It is common, even on FR, for people to accept the premise that Fox News Channel is conservative and that other journalism is "objective." A recent example, and my response, follows:

Personally I’m sick of conservatives who call democrats cowards for refusing to go on FOX
Democrats are cowards for refusing to go on Fox. They would be glad to, if they had facts and logic rather than showmanship behind their snake oil, but they don't - so they stay away from the exposure. The trouble with going on Fox is that you will be asked the second question. If you have the facts and logic to back up your case, that's no problem. Conservatives do have facts and logic behind their cases; it is their defining characteristic.
and then turn around and call republicans stupid for going on any of the other networks.
Journalism as we know it did not exist until the era of the Civil War. Prior to that, newspapers were fractiously independent of each other, and didn't accept claims that competing newspapers' reporters were objective. In fact, the newspapers of the pre-Civil War era were more like National Review than like The New York Times. Most were weeklies, and some had no deadline at all and just went to press when the printer decided he was ready. More than modern "hard news," they were about the opinions of their printers. Presses of that ilk naturally were ordinarily associated with political parties. The whole paper was what we'd now think of as an editorial page - and the printers couldn't and didn't try to make that a secret. That was the milieu when the First Amendment was written and ratified.
What changed that?

The telegraph. The telegraph, and the Associated Press. Suddenly the printer had available to him a font of news stories to which his readership could not be privy before he printed them. A wonderful thing for the printer of a paper! But, at a price. It was expensive in money, and the printer needed to get value out of his AP newswire. How to do that, when the printer didn't employ, didn't even know, the reporters who produced the cornucopia of newswire stories? How to vouch for the veracity of the stories? Simple - you simply launch a propaganda campaign to the effect that all reporters are objective!

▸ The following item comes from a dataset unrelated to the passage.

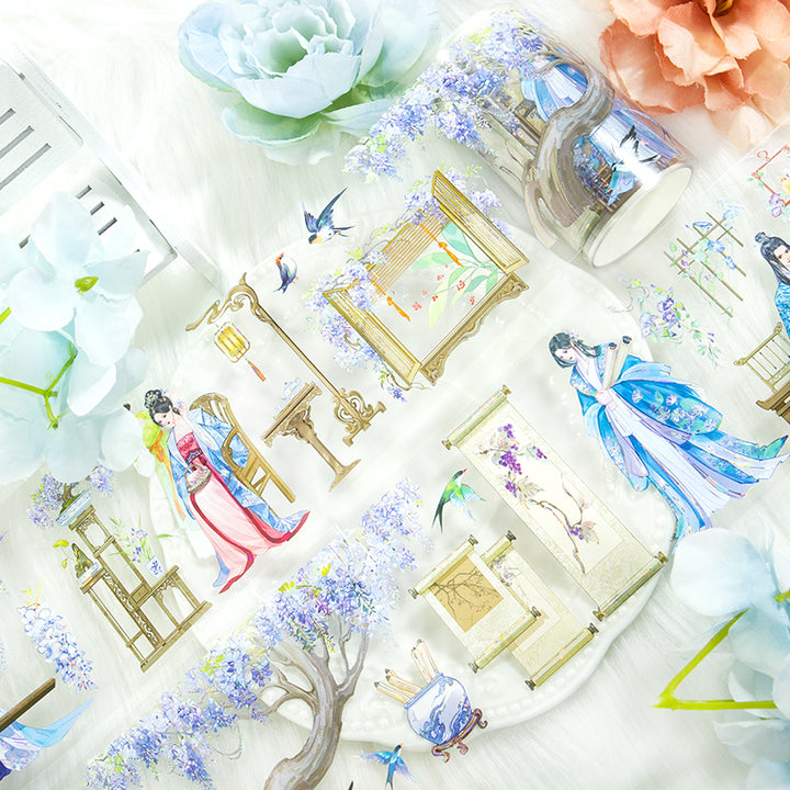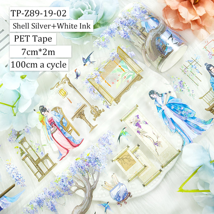 Silk and bamboo Washi/Shell Silver PET Tape

Here's a news flash for you: journalists actually aren't objective! How do I know? Well, you can do a lot of ponderous research, such as (A Measure of Media Bias (research shows Drudge/Fox centrist, NYT far liberal) ), to prove it - but you need not expect that journalists will do anything but stonewall the results, no matter how thorough the research might be. Far simpler to just be direct - journalists are not objective because they say that they are objective. Simple - the only way anyone can even attempt to be objective is to start your analysis with an up-front declaration of your own interest in the question you are analyzing. If you are arguing that more roads should be built, you declare up front if your father-in-law would be the one to build them, and you would even declare your ownership of a car which would be more useful if there were more roads. Declaring your own objectivity is the precise opposite of that, so you should take it for granted that journalists who never declare anything but their own "objecitivity" are not merely not objective, they are heavily biased.

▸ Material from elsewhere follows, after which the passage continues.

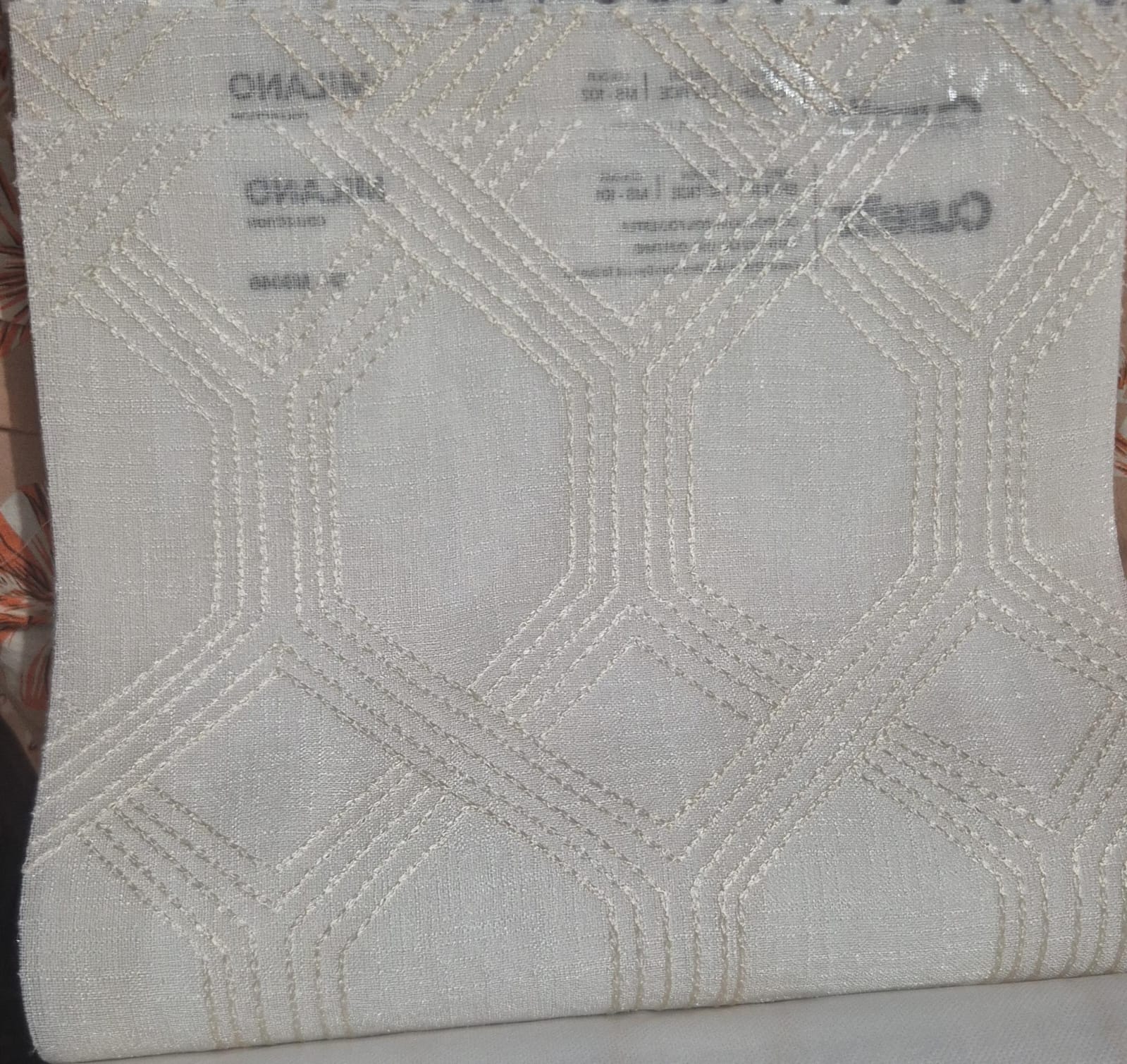 This fabric showcases a structured geometric lattice pattern embroidered across a fine sheer base. The interconnected angular lines form a contemporary trellis layout, creating depth and architectural elegance while maintaining a clean and minimal white appearance. The texture feels light and airy with softly raised stitched lines that add subtle dimension without heaviness. Its sheer quality allows natural light to filter gently through, making it ideal for graceful curtain drapes and equally suitable for decorative cushion covers that complement modern interiors. Crafted from 100% polyester, this sheer fabric ensures durability, easy maintenance, and long-lasting brightness. It performs beautifully as both curtain fabric and cushion fabric in premium living spaces. Colour shade may vary from dye lot to dye lot, and fabric appearance in images may differ from the actual material. For accurate colour and texture confirmation, customers are advised to order a fabric sample before making a final decision.

What is the inherent bias of journalism? Simple again - journalists are biased in favor of the notion that journalists are heroes. In Mark Steyn's expression, they are cardboard heroes - great at attacking "dastardly villains" such as bankers who actually pose no threat, but impotent and cowardly in the presence of actual villains such as ruthless terrorists who'll behead you for crossing them. Cowards who boast that "you never argue with someone who buys ink by the carload" - and then pick on some poor defenseless schlub precisely because he can't effectively argue back, and wouldn't hurt a fly anyway.

How does that bias of journalism play into politics? Simple again - "liberal" politicians are those who cooperate with journalists and essentially exist in symbiosis with them. You can tell that by the way journalists give them positive labels. Americans favored liberalism - which was a word for the advocacy of liberty - so journalists began to call politicians in symbiosis with them "liberals." The meaning of the word "liberal" was inverted in the 1920s, according to Saffire's New Political Dictionary. Journalists also, alternatively, call politicians in symbiosis with them "progressives." What American doesn't favor progress? And as to the label applied to "liberals'" opponents, well, I'll believe that "conservative" is intended as a positive label as soon as you convince me that marketers don't want to label their products New!

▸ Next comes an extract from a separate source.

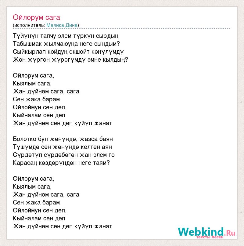 Түйүнүн тапчу элем түркүн сырдын Табышмак жылмаюуңа неге сындым? Сыйкырлап койдуң окшойт көңүлүмдү Жөн жүргөн жүрөгүмдү эмне кылдың? Ойлорум сага, Кыялым сага, Жан дүйнөм сага, сага Сен жака барам Ойлоймун сен деп, Кыйналам сен деп Жан дүйнөм сен деп күйүп жанат Болотко бул жөнүндө, жазса баян Түшүмдө сен жөнүндө келген аян Сүрдөтүп сүрдөбөгөн жан элем го Карасаң көздөрүңдөн неге таям? Ойлорум сага, Кыялым сага, Жан дүйнөм сага, сага Сен жака барам Ойлоймун сен деп, Кыйналам сен деп Жан дүйнөм сен деп күйүп жанат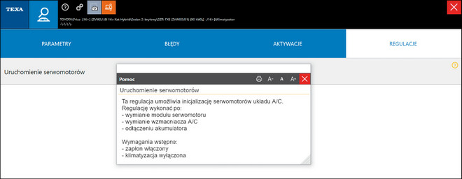 Fot. 4. Oprogramowanie IDC5 Texa wysterowanie serwomotorów mieszania powietrza układu klimatyzacji

Ann Coulter has pointed out that if she goes on a book tour and is put on TV, journalists always "balance" her with one (usually more than one) "liberal" commentator to argue with her. in addition to the "objective journalist" him/herself, who will always attack as well (the usual result is that Ann has to really fight to get a word in edgewise - and as quick-tongued as she is, that's saying something). If a "liberal" goes on a book tour, when have you ever seen him/her "balanced" by a conservative? When have you ever seen him/her attacked by the "objective" journalist?

In reality "objective" journalists are sophists - and, in the original sense of the term, conservative politicians and analysts are philosophers.

Its hypocritical and pathetic.
Not only is there no hypocrisy involved in advocating that conservative politicians go on Fox but keep the "objective" journalist at arm's length, it is IMHO actually pathetic to think that they are obligated to do otherwise.
http://www.freerepublic.com/focus/news/2518098/posts
A constitutional revival, IMHO, must begin with the recognition - first by the courts, and then by the public - that the government is not a safe repository for the judgement of what is, and what is not, "objectivity." With all that that implies for the authority of "Campaign Finance Reform" and the "Federal Communication Commission."

35 posted on 05/22/2010 7:28:58 AM PDT by conservatism_IS_compassion ( DRAFT PALIN)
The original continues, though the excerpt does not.